Темная лава казалась прочной и безвредной. Она не светилась, электрические фонари забивали слабый свет огненных трещинок. Но когда один из рабочих с силой воткнул в нее ломик, пробитая дырка вспыхнула раскаленным угольком. Температура под тонкой корочкой доходила до тысячи градусов.
- Надо взрывать срочно, через час будет поздно, - сказал инженер. - И рвать в мелкие кусочки, чтобы обломки не мешали лаве.
- А как добраться до машины?
- Свяжем шесты, подсунем заряд поближе.
- Шесты коротки. Здесь метров десять, не меньше. Правильный взрыв не получится. Лучше бы перебраться.
Старший подрывник остановился в затруднении. Десять метров лавы невинной снаружи и наполненной нестерпимым жаром внутри - отделяли людей от механизмов. Положить заряд перед лавой на расстоянии 10 метров от комбайна? Получится ли нужный эффект? Связать заряд и забросить его, как бомбу? Но при броске могут выскочить взрыватели, или еще хуже взрыв произойдет прежде, чем люди отойдут хотя бы на шаг.
И рабочие стояли в раздумье. Все они понимали опасность. Лава могла прорваться каждую минуту, сокрушить комбайн и сжечь их. Но думали они не о себе, они пришли спасать общий труд. Лавопровод под угрозой -- это понимали все. Инженер, кроме того, понимал, что под угрозой и паропроводы. Давление в пещере упало, лава поднимается, она может закупорить скважины, пробуренные с таким трудом.
И тогда Мочан одним движением вскочил на полузастывшую лаву. Это было в его стиле: рискнуть, и дело с концом. Две-три секунды, короткая перебежка, прыжок в дверь, и вот он, поджав ноги, сидит на горячей станине... В одном месте лава продавлена, - виден огненный, медленно затухающий след. Если бы не асбестовые подошвы, Мочан остался бы без ноги.
Ему стало весело от собственной смелости и ловкости, оттого, что он не побоялся принять вызов вулкана. Какая-то белая фигура пыталась последовать за ним, но провалилась по щиколотку. Неудачника подхватили подмышки и вытащили на твердую почву.

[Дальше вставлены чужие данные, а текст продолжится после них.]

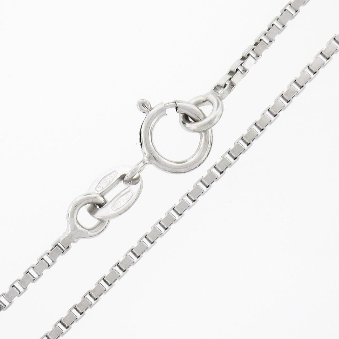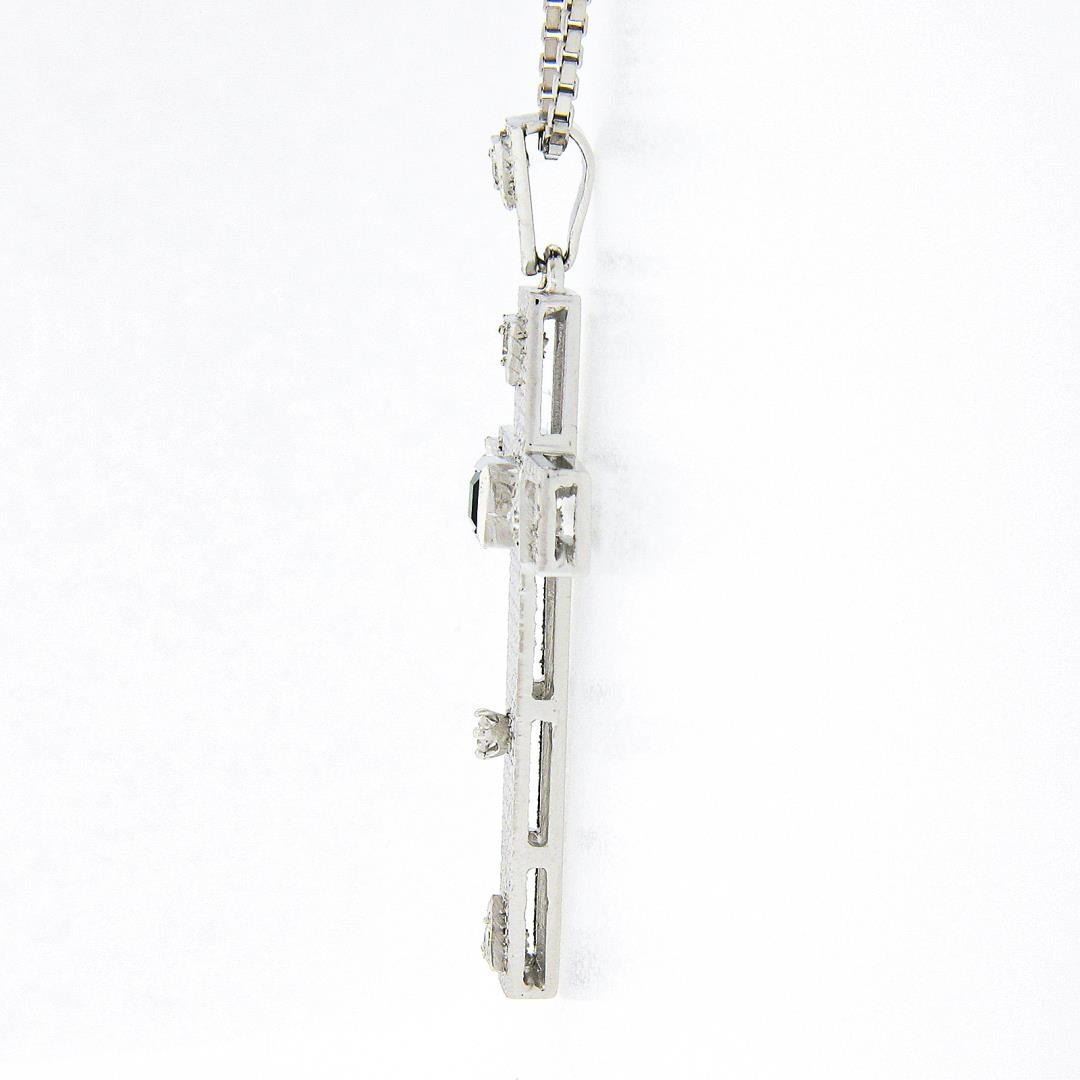 A vintage solid 18k white gold cross pendant necklace, with 1 square cut natural emerald (0.25ct), and 6 old single cut natural diamonds (H/I - SI1/SI2 ; 0.25ctw). 24 inch box link chain, 13.58 grams total weight, pendant measures 44.9x21.8mm.

- Не надо, - крикнул Мочан - Я справлюсь. Я умею.
Волей-неволей все остальные вынуждены были только помогать ему. Старший подрывник приказал всем молчать, он один давал советы и указания. Подрывники ловко увязывали в пакеты бруски взрывчатки, такие безвредные с виду, похожие по цвету и на ощупь на воск.. С помощью шестов пакеты подталкивали к Мочану, а он уже, перелезая через рычаги, распределял взрывчатку между деталями комбайна, снабжая брусочками каждый шкив, каждый вал, каждый короб, стойки, лапы, щиты. Мочан работал с увлечением, с подъемом, хотя как механик жалел умную машину, которая проделала такую сложную работу, а теперь обречена была стать грудой обломков. Но спасти комбайн, врастающий в раскаленную лаву, было уже невозможно. Надо было спасать многомесячный труд людей.

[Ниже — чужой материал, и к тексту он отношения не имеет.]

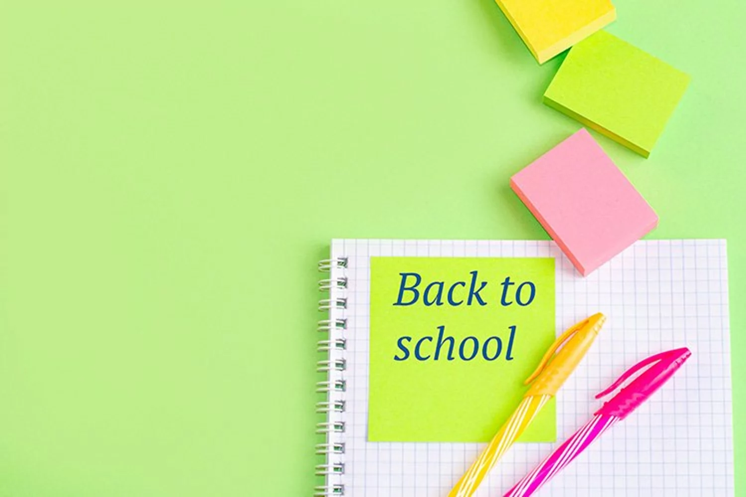 Text "Back to school" on notebook. Horizontal banner for web design. Collection of school supplies in a bright flat style. Educational concept. Copy space, mockup, overhead, template.

- Шнур отрезай ровно! Тяни его на станину. Не оставляй лохматых концов! Вставляй в капсюль осторожно! Подложи асбеста, чтобы шнур не загорелся, - командовал старший подрывник И хотя Мочан знал все эти мелочи, он, не огрызаясь, повторял с воинской четкостью: "Есть, на станину". "Есть, подложить". Он понимал, что подрывник обязан напоминать ему правила, обязан давать советы. Подрывник как бы тренер, а Мочан - чемпион. Тренер лучше знает, как надо бегать, но бежать и бороться за приз предстоит все-таки ученику, а не тренеру.
Остатки взрывчатого вещества были увязаны в один узел, и Мочан, маневрируя между рычагами, доставил узел к самому забою. Зубья комбайна были уже целиком залиты лавой. Лава продавила оконце и, падая на пол, растекалась огненными лепешками. Стальные листы гнулись под ее напором. Вулкан обжигал лицо своим огненным дыханием. Жара доходила здесь до 400 градусов. Температура лавы и металлических деталей была еще выше. Только асбестовый костюм спасал Мочана. Но стеклянное окошечко шлема успело накалиться. Неосторожно коснувшись стекла, Мочан обжег кончик носа.

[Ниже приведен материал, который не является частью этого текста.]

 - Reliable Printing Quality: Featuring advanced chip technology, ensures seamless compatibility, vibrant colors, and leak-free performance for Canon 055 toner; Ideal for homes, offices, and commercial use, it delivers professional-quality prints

Это произошло в самый ответственный момент. Мочан как раз включал часовой механизм подрывной машинки. Внимание его было занято, он даже не мог выругаться для облегчения. Но вот пружина заведена, стрелка поставлена на 150. 150 минут, двух с половиной часов было вполне достаточно, чтобы люди успели покинуть лавопровод. Задерживать взрыв надолго не стоило, потому что лава могла разорвать или сжечь проводку.
Больше делать было нечего. Мочан выбрался из машины, стремительно пробежал 10 метров по лаве и, спрыгнув, доложил:
- Минирование закончено Взрыв - через 2 часа 30 минут.
- Хорошо, молодец! - сказал старший подрывник. - Но все-таки я проверю, что ты там накрутил.
16.
А НА обратном пути Мочан почувствовал себя худо. Он был здоровым человеком с крепким сердцем и нормальными легкими, но даже его организм не выдержал резкого перехода от прохладного и разреженного воздуха горных высот к жаркой духоте подземного хода. С самых первых шагов Мочан чувствовал себя не в своей тарелке, но старался не отставать от других. Ему было жарко, трудно дышать, тяжело нести мешок со взрывчаткой, тяжело подниматься в гору. Он доплелся до комбайна позади всех, но здесь забыл об усталости и о жаре. Так в пылу сражения бойцы не помнят о ранах, если победа для них дороже жизни.
Но когда сражение кончилось и осталось только уносить ноги, Мочан снова заметил духоту и усталость, сырость в ногах, нестерпимый зуд на спине, липкий пот на лбу и жгучую боль на самом кончике носа. Не один Мочан выбился из сил. Хотя идти под гору и без груза было заметно легче, все же вереница белых фигур растянулась почти на полкилометра. При этом резко выделялись две группы: впереди ровным шагом шли привычные ковалевцы, а сзади, спотыкаясь, брели те, кто попал в лавопровод впервые, - подрывники, Мочан и другие бурильщики его бригады.
Мочан шел замыкающим. Опустив голову, он смотрел на шаркающие по полу асбестовые пятки впереди идущих. Бесконечный коридор вдали превращался в точку. Мочан старался не глядеть туда, очень уж много шагов надо было сделать еще. Он говорил себе: "Досчитаю до тысячи, тогда подниму голову". Счет отвлекал от мыслей об усталости.
Здесь-то Мочан и проштрафился.
Внезапно он ощутил в груди у себя сердце. До сих пор оно работало молча и никогда не давало о себе знать. А тут появился в груди этакий болезненный комок, словно птица бьется за ребрами, требует облегчения. Какое может быть облегчение? Костюм не снимешь, термометр на стенке показывает 170 градусов. И отдыхать некогда, часовой механизм включен, неумолимо отсчитывает минуты до взрыва.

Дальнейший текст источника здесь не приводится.